Remove the default Rails `robots.txt` and prepare the custom directory:

<kbd>
rm public/robots.txt
<br />
mkdir app/views/robots_txts
</kbd>

In `app/views/robots_txts/disallow_all.erb`:

```txt
User-agent: *
Disallow: /
```

## Solution: `X-Robots-Tag` (indexing)

It is possible for search engines to [index content without crawling it][wo]
because websites might link to it.
So, our `robots.txt` technique blocked crawling, but not indexing.

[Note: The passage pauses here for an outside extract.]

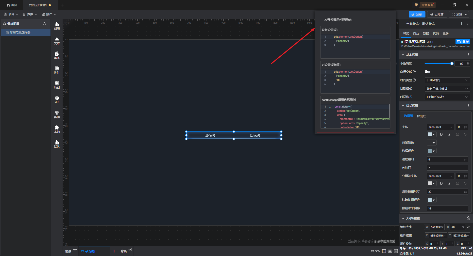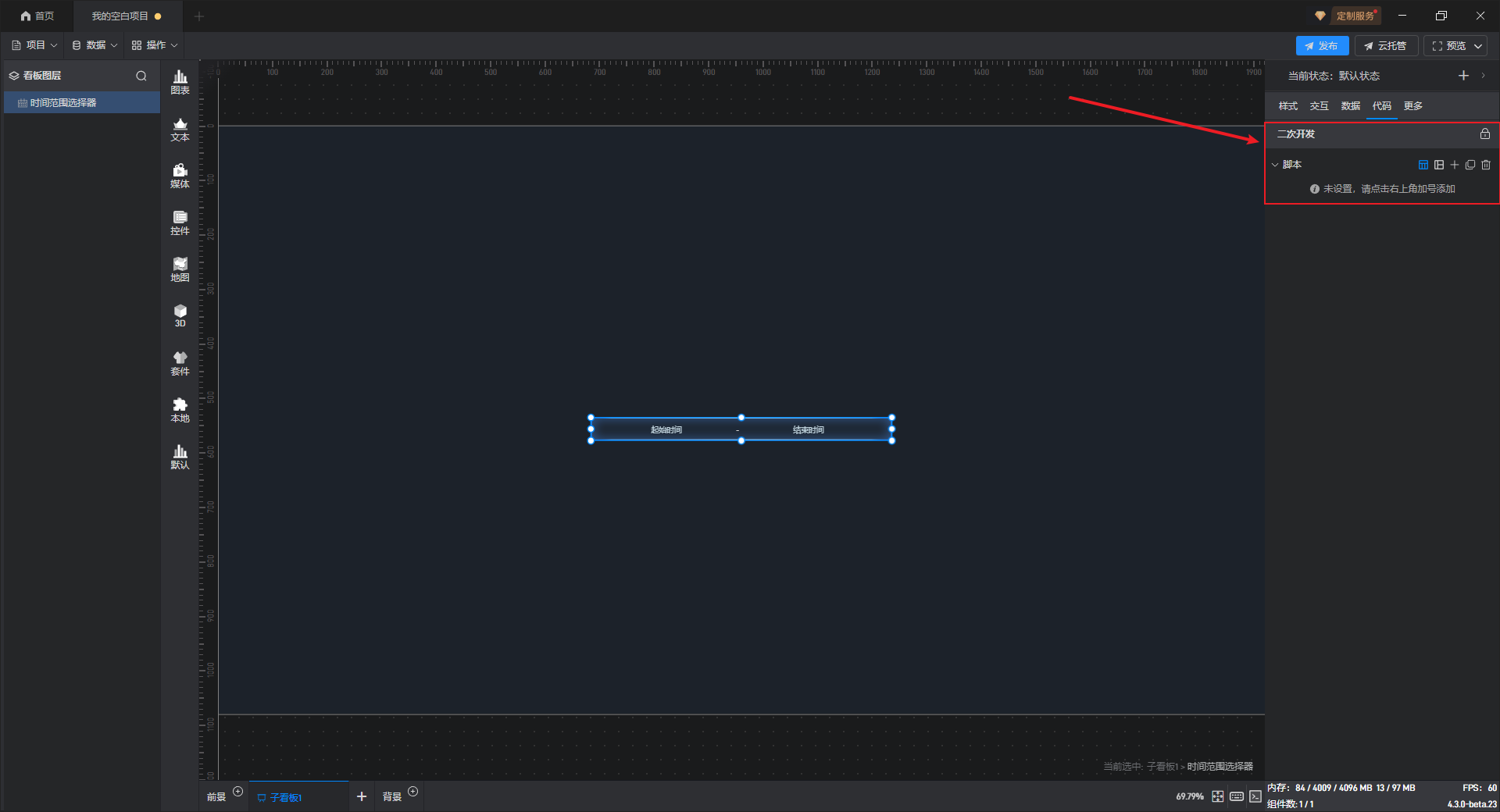 点击选中组件,在右侧“代码”设置窗口中可以对组件进行二次开发设置。

[wo]: https://www.quora.com/unanswered/How-can-a-search-engine-index-without-crawling

Adding a [`X-Robots-Tag` header][x-head] to our responses
short-circuits the entire process;
well-behaved crawlers won't make HTTP requests at all
to content on the domain.

[x-head]: https://developers.google.com/webmasters/control-crawl-index/docs/robots_meta_tag#using-the-x-robots-tag-http-header

You may have seen meta tags like this in projects you've worked on:

```html
<meta name="robots" content="noindex,nofollow">
```

The `X-Robots-Tag` header has the same effect as the `robots` meta tag
but applies to all content types in our app (e.g. images, scripts, styles),
not only HTML files.

To block robots in our environment, we want a header like this:

```txt
X-Robots-Tag: none
```

The [`none` directive is equivalent to `noindex, nofollow`][equiv].
It tells robots not to index, follow links, or cache.

[equiv]: https://developers.google.com/webmasters/control-crawl-index/docs/robots_meta_tag#using-the-x-robots-tag-http-header

In `lib/rack_x_robots_tag.rb`:

```ruby
module Rack
  class XRobotsTag
    def initialize(app)
      @app = app
    end

    def call(env)
      status, headers, response = @app.call(env)

      if ENV["DISALLOW_ALL_WEB_CRAWLERS"].present?
        headers["X-Robots-Tag"] = "none"
      end

      [status, headers, response]
    end
  end
end
```

In `config/application.rb`:

```ruby
require_relative "../lib/rack_x_robots_tag"

module YourAppName
  class Application < Rails::Application
    # ...
    config.middleware.use Rack::XRobotsTag
  end
end
```

Our specs will now pass.

## Conclusion

Our environment's content can be blocked in three different ways from
crawling and indexing by
web robots that respect the robots exclusion standard
(most importantly Google).

Use authentication to entirely hide it,
or robots.txt plus the `X-Robots-Tag` for more granular control.